*INPUT FOR THIS TASK*

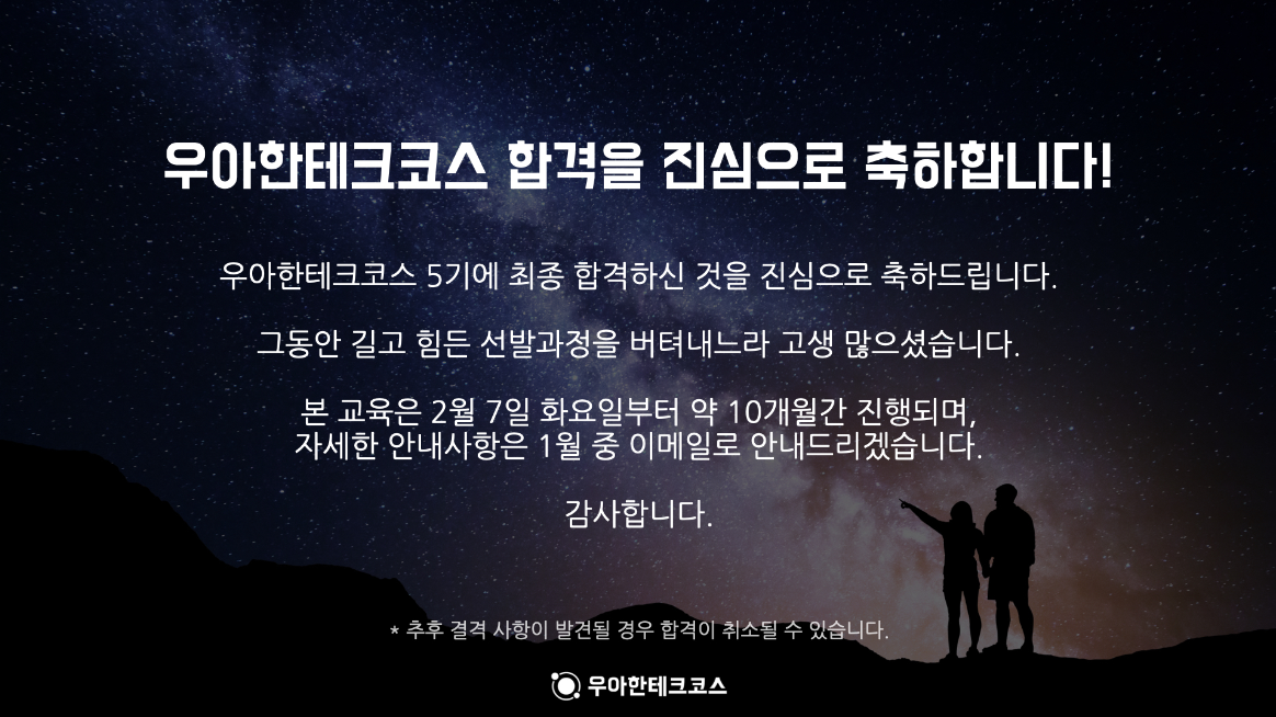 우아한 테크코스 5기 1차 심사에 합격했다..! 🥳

==

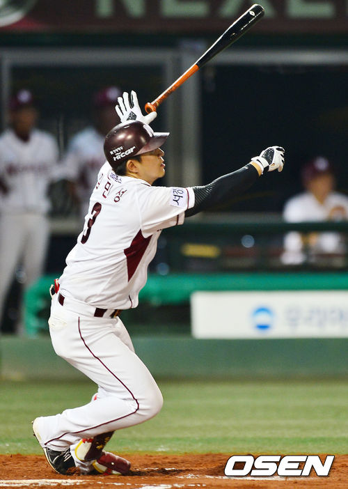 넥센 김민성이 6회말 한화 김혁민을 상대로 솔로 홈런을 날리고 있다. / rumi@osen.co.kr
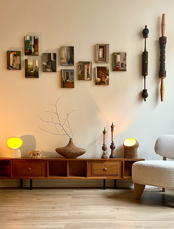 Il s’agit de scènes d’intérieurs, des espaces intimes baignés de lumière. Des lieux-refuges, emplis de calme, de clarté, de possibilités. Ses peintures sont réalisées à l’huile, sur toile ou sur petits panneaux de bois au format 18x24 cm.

*EXERCISE DIRECTIONS*
The expected output is the lines above from the one containing "넥센 김민성이 6회말" to the one containing "Il s’agit de", both ends included, reproduced exactly with every picture left out.

*WRITTEN SOLUTION*
 넥센 김민성이 6회말 한화 김혁민을 상대로 솔로 홈런을 날리고 있다. / rumi@osen.co.kr
 Il s’agit de scènes d’intérieurs, des espaces intimes baignés de lumière. Des lieux-refuges, emplis de calme, de clarté, de possibilités. Ses peintures sont réalisées à l’huile, sur toile ou sur petits panneaux de bois au format 18x24 cm.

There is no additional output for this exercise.